The premise of Talkie is elegantly constrained: train a 13B language model entirely on English text published before January 1, 1931 — books, newspapers, scientific journals, patents, case law — and see what a model knows and can do when its training data ends nearly a century ago. No Wikipedia. No Stack Overflow. No knowledge of transistors, World War II, or Python.

The project comes from Nick Levine, David Duvenaud, and Alec Radford — yes, the Radford who wrote the original GPT paper, co-authored GPT-2, and built Whisper. That’s an unusual combination of names for what is explicitly not a product launch. The Hugging Face release is Apache 2.0, the weights are open, and the point is research.

The research question is about generalization. Modern evaluations of language model capabilities are hobbled by contamination: if a model was trained on the internet, it has likely seen the answer to every benchmark question at some point. You can’t cleanly separate what a model learned from what it memorized. Talkie sidesteps this by making contamination structurally impossible — nothing in the model’s training data mentions the things you’d want to test for. The researchers describe it as “contamination-free by construction.”

The most striking finding is what the model can do despite this constraint. Fed Python programming examples entirely in context — through demonstrations, not training — Talkie can write working code. Simple code, “one-line programs or small modifications,” but code nonetheless. A model that has never read a word about digital computers is abstracting the structure of a programming language from a handful of examples and applying it. Whether you find this obvious or surprising probably reveals something about how you think about what LLMs are doing.

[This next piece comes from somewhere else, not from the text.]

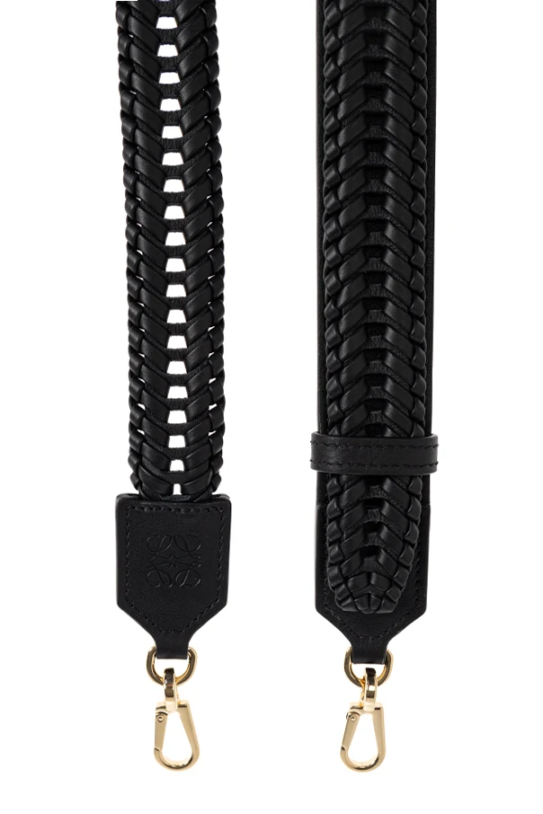 Discover an air of refined sophistication with this black leather bag strap , a signature accessory from Loewe designed for discerning women. Meticulously crafted from premium leather, this wide and flat strap showcases a distinctive braided motif throughout, imparting both exclusive character and visual intrigue. The solid construction ensures remarkable durability and exceptional comfort on the shoulder, while carefully rounded ends highlight the attention to detail. Each end features an embossed designer logo on finely stitched leather elements, reinforcing the accessory’s elevated allure. Polished gold-tone clasps provide a flawless attachment to your favorite bag, reimagining everyday elegance with a lavish touch. Why choose this product? Luxurious black, high-grade leather with artisanal craftsmanship Striking braided design for unique distinction Durable structure with plush comfort for all-day wear Embossed designer detail highlights exclusivity Gold-tone metal hardware for ultimate sophistication

There’s also a less flashy but arguably more important technical finding: raw OCR text from historical archives achieves only about 30% of the learning efficiency of human-transcribed text. The team estimated this by comparing learning curves across differently sourced subsets of their 260-billion-token corpus. Three times the compute for the same effective signal. Given how many historical digitization projects rely on automated OCR — and given that this text ends up in modern pretraining corpora — the gap suggests that a lot of “historical data” in current foundation model training is substantially noisier than its volume implies. Fixing that is an obvious direction for future work.

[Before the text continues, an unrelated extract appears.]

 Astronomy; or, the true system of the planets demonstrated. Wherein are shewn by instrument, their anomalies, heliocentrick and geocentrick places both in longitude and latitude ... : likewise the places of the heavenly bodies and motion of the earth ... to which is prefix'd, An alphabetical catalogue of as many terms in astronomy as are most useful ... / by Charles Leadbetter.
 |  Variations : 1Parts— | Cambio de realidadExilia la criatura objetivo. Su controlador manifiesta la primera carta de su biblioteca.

Two model variants are released. talkie-1930-13b-base is the raw pretrained model. talkie-1930-13b-it is an instruction-tuned checkpoint, fine-tuned on demonstration pairs extracted from pre-1931 reference works, primarily built for the chat interface at the project’s website. A parallel model, talkie-web-13b-base, was trained on FineWeb with identical architecture and training compute, to allow controlled comparisons between what a modern data distribution teaches versus a historical one.

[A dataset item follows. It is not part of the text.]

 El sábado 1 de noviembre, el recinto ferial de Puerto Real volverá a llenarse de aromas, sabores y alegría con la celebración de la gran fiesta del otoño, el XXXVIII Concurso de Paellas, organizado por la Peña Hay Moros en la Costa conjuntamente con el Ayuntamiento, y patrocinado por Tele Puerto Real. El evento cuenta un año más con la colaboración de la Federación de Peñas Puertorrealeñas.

The researchers acknowledge that the temporal filter is imperfect — the model has some knowledge of FDR and World War II despite the 1930 cutoff, likely from contextual leakage in documents that discuss earlier periods while anticipating later ones. The plan is to release the training data eventually, since all pre-1931 US-published works are now out of copyright.

On standard benchmarks, Talkie underperforms models trained on modern data, which is expected. What’s more interesting is the benchmark shape — where exactly it fails and where it doesn’t, and what that distribution says about what a century of extra text teaches a model versus what emergent generalization provides for free.